Als uitgangspunt geldt dat de tbs-maatregel dient te worden verlengd met een termijn van twee jaar als aannemelijk is dat de behandeling en resocialisatie van de terbeschikkinggestelde in het bestaande juridische kader meer tijd in beslag zal nemen dan de tijd die nog resteert bij een verlenging van de tbs met een termijn van één jaar.
De rechtbank is van oordeel dat de reclassering en de psycholoog voldoende onderbouwd hebben beschreven, en de deskundige ter zitting voldoende onderbouwd heeft toegelicht, dat de verlenging van de maatregel in deze zaak moet worden beperkt tot één jaar. Ook dit staat niet ter discussie.

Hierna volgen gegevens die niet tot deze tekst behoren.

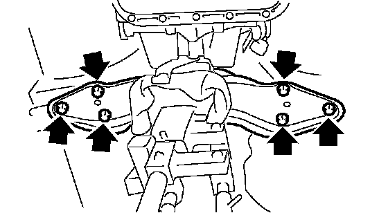 NOTE: Make sure that the support plates of transmission jack don't touch the crossmember.

De rechtbank zal de termijn van de tbs met voorwaarden derhalve verlengen met één jaar. De reeds opgelegde voorwaarden blijven ongewijzigd.
Het verzoek van de verdediging om de officier van justitie reeds vóór de volgende verlengingszitting de mogelijkheid van een zorgmachtiging te laten onderzoeken wordt afgewezen. Dit verzoek is prematuur. Allereerst is het nu niet zeker of de tbs-maatregel over een jaar kan worden afgerond. De overgang van een FPA richting een begeleide woonvorm dient immers nog plaats te vinden. Daarnaast kan überhaupt niets gezegd worden over de noodzaak van een zorgmachtiging. Betrokkene lijkt voor nu immers volledig mee te werken aan haar (tbs-)behandeling. Het kan zo zijn dat zij op vrijwillige basis de opvolgende GGZ-behandeling zou willen volgen na ommekomst van de tbs-maatregel. In dat geval is er geen zorgmachtiging nodig.
Ook het verzoek van de verdediging om een overweging te wijden aan het afdwingen van een opname op grond van het Handboek forensische zorg wordt afgewezen. Betrokkene wil niet meer uitstromen in de regio Brabant, maar in de regio Midden-Nederland. De rechtbank heeft vooralsnog niet de indruk gekregen dat de reclassering en de Divisie Individuele Zaken (hierna: DIZ) zich niet tot het uiterste inspannen om betrokkene in die regio te laten uitstromen.

8.De beslissing.

De rechtbank:
- verlengt de termijn van de terbeschikkingstelling met voorwaarden van betrokkene met één jaar;
- de aan de tbs verbonden voorwaarden, zoals uiteengezet in het hierboven genoemde vonnis van 30 augustus 2021, blijven in stand.
Deze beslissing is gegeven door mr. C. Hofman, voorzitter, mr. W.A.H.A. Schnitzler-Strijbos en J.F.C. Janssen, rechters, in tegenwoordigheid van M.C.C. Joosen, griffier, en is uitgesproken ter openbare zitting op 13 oktober 2023.